# Forum Argomenti di discussione Fallimenti e procedure concorsuali  Cassetto fiscale fallimento

## La matta

Non riusciamo ad attivare il cassetto fiscale di una società fallita.
Riceviamo una ricevuta di scarto della delega in quanto_ il delegante_ (la soc fallita) _risulta essere soggetto sottoposto a procedura concorsuale._
Doh! Questo lo sapevamo anche noi. Il call center, ovviamente, non ci sa dire niente. Voi siete riusciti ad ottenere accesso al cassetto fiscale di una società fallita, o è un'impossibilità all'italiana?

----------


## valmat

Io l'ho chiesto tempo fa indicando come legale rappresentante il curatore

----------


## La matta

> Io l'ho chiesto tempo fa indicando come legale rappresentante il curatore

  Sì, anche noi ci siamo accertati di aver indicato il curatore quale legale rappresentante della società fallita, ma niente di fatto lo stesso! Oggi la mia collega è andata direttamente all'AdE e ha attivato il cassetto "manualmente". Per fortuna ci siamo riusciti almeno così!

----------


## Fr@ntic

> Sì, anche noi ci siamo accertati di aver indicato il curatore quale legale rappresentante della società fallita, ma niente di fatto lo stesso! Oggi la mia collega è andata direttamente all'AdE e ha attivato il cassetto "manualmente". Per fortuna ci siamo riusciti almeno così!

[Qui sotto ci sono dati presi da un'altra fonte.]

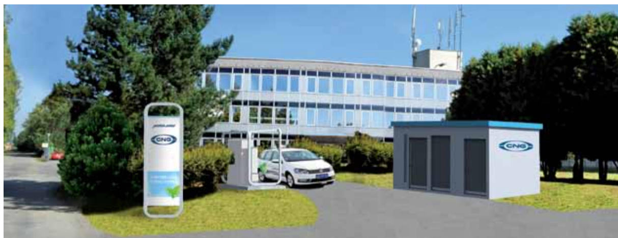
Vizualizace veřejné plnicí stanice na stlačený zemní plyn CNG v Jindřichově Hradci.

„O CNG je v Jindřichově Hradci velký zájem jak ze strany jednotlivců, tak firem a společností. Namátkou například České pošty, pekárny DK Open nebo společnosti AGRO-LA, ale i dalších firem a institucí, z nichž některé o pořízení vozů na CNG uvažují a dosud váhaly například právě z důvodu nižší dostupnosti tankování. Předpokládáme, že nová veřejná stanice, navíc velmi dobře dostupná z hlavní silnice, atraktivitu CNG

  La nuova procedura non consente di attivare il cassetto fiscale per i fallimenti, purtroppo occorre recarsi direttamente di persona (il cutatore) in agenzia. Non so se sia concesso di delegare qualcuno ma da quello che scrivi, sembrerebbe di si.

----------


## La matta

> La nuova procedura non consente di attivare il cassetto fiscale per i fallimenti, purtroppo occorre recarsi direttamente di persona (il cutatore) in agenzia. Non so se sia concesso di delegare qualcuno ma da quello che scrivi, sembrerebbe di si.

  Beh, noi siamo fortunati: l'Ade ce l'abbiamo a 500 metri. Nel male, almeno un piccolo aiuto.

----------